Department of Experimental Oncology, European Institute of Oncology, IFOM-IEO Campus, Via Adamello 16, Milan, Italy.
Future Oncol. 2011 Jan;7(1):57-75. doi: 10.2217/fon.10.157.
The role of chromatin-modifying factors in cancer biology emerged exponentially in the last 10 years, and increased attention has been focused on Polycomb group (PcG) proteins and their enzymatic activities. PcG proteins are repressive chromatin modifiers required for proliferation and development. The frequent deregulation of PcG activities in human tumors has direct oncogenic effects and results, essential for cancer cell proliferation. Here we will review the recent findings regarding PcG proteins in prospective tumor development, focusing on the molecular mechanisms that deregulate PcG expression in different tumors, at the downstream pathways to PcG expression (that contribute to cancer development) and at the mechanisms that regulate PcG recruitment to specific targets. Finally, we will speculate on the benefit of PcG inhibition for cancer treatment, reviewing potential pharmacological strategies.

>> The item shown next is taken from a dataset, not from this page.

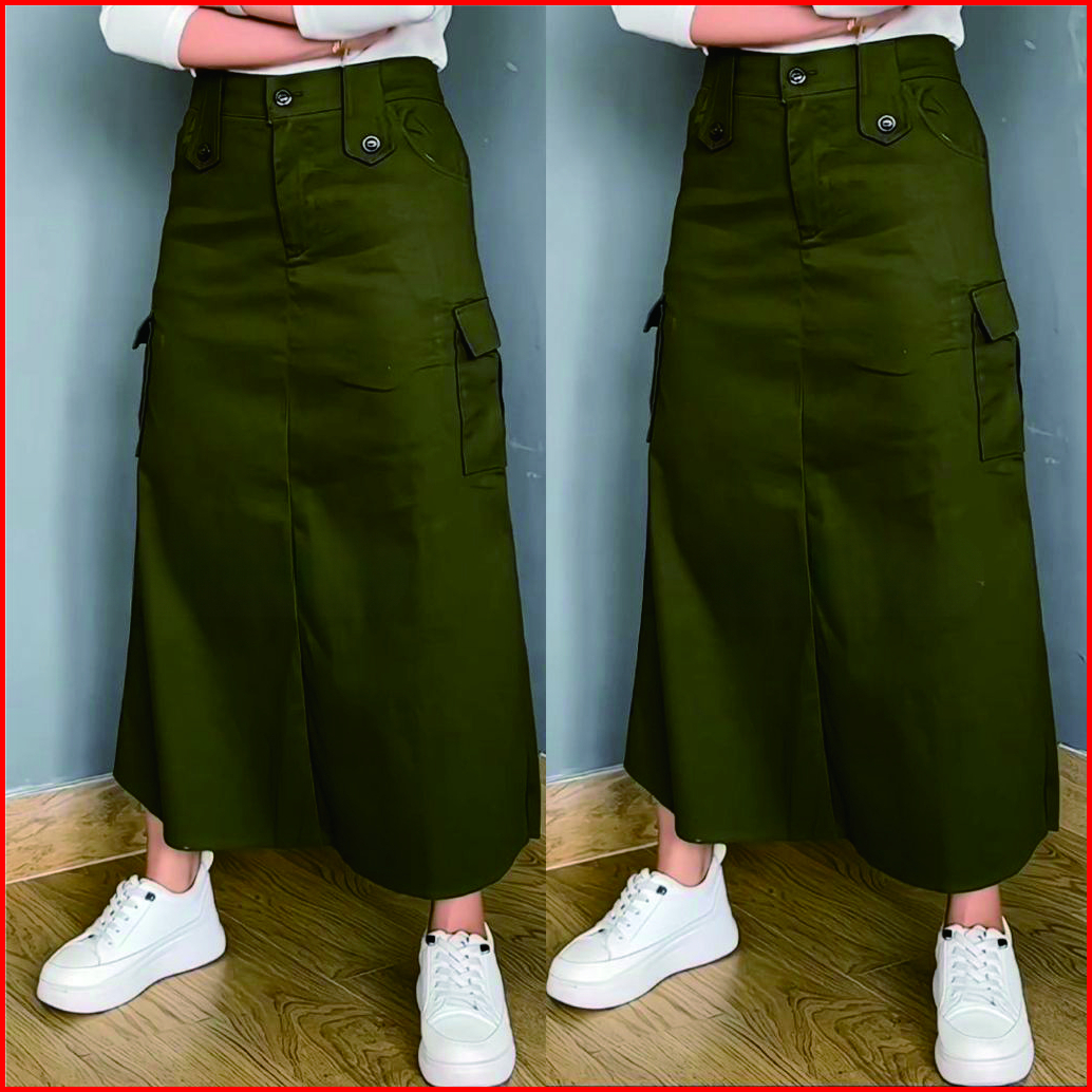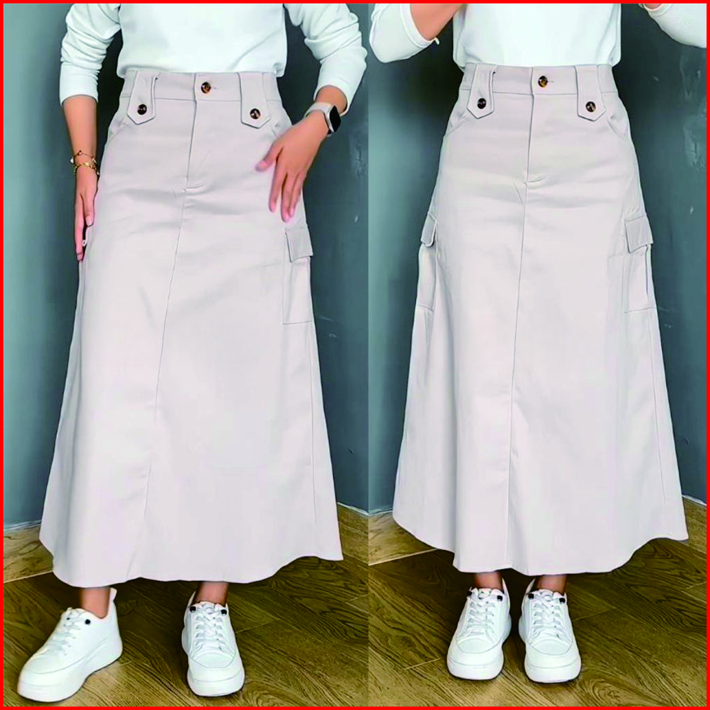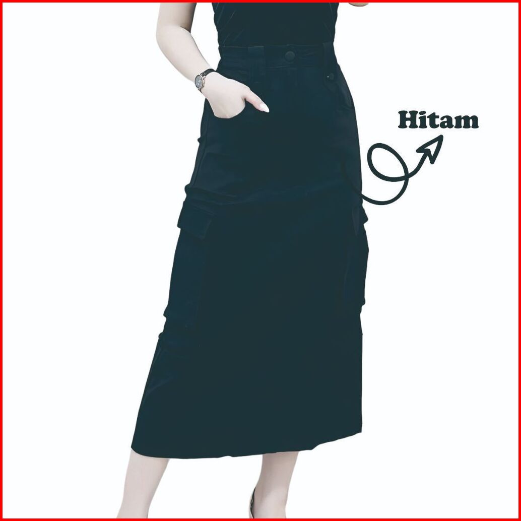 Rok Cargo Skirt Wanita 7 9 Katun Twill Ines
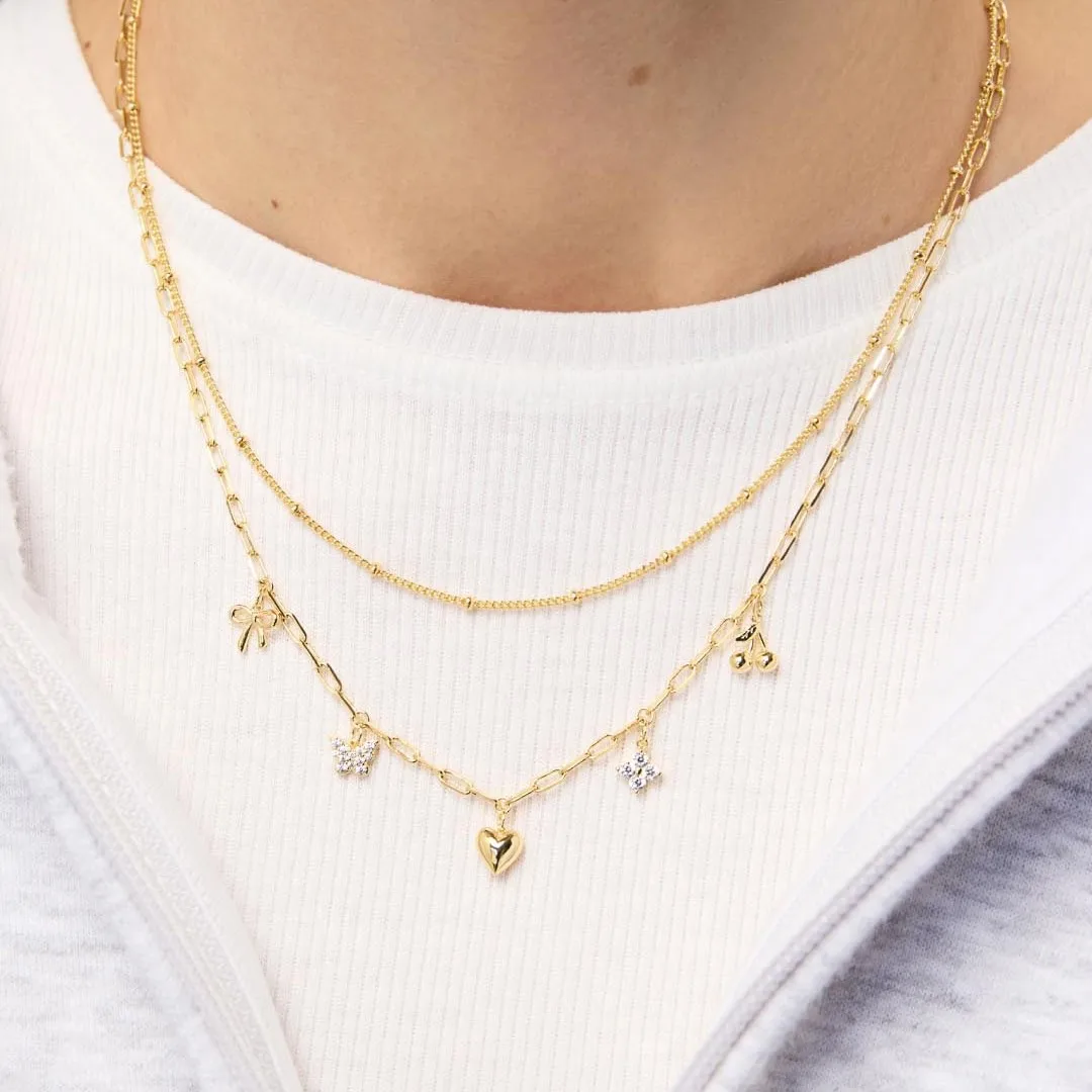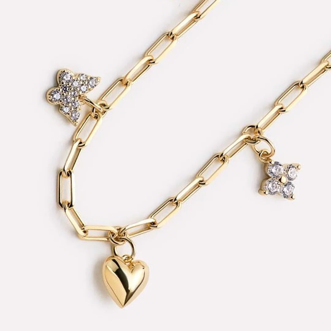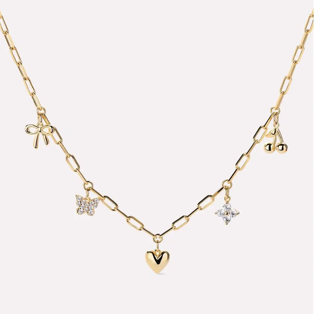 Trendy Gold Plated Charm Butterfly Heart Cherry Necklaces for Women Cute Brass and Silver Plated Statement Necklace Jewelry

在过去的 10 年中,染色质修饰因子在癌症生物学中的作用呈指数级增长,人们越来越关注 Polycomb 组(PcG)蛋白及其酶活性。PcG 蛋白是增殖和发育所必需的抑制性染色质修饰因子。PcG 活性在人类肿瘤中的频繁失调具有直接的致癌作用,并对癌细胞的增殖至关重要。在这里,我们将回顾最近关于 PcG 蛋白在肿瘤发生中的作用的发现,重点讨论不同肿瘤中 PcG 表达失调的分子机制,以及 PcG 表达下游途径(有助于癌症发生)和调节 PcG 蛋白募集到特定靶点的机制。最后,我们将推测 PcG 抑制对癌症治疗的益处,回顾潜在的药物治疗策略。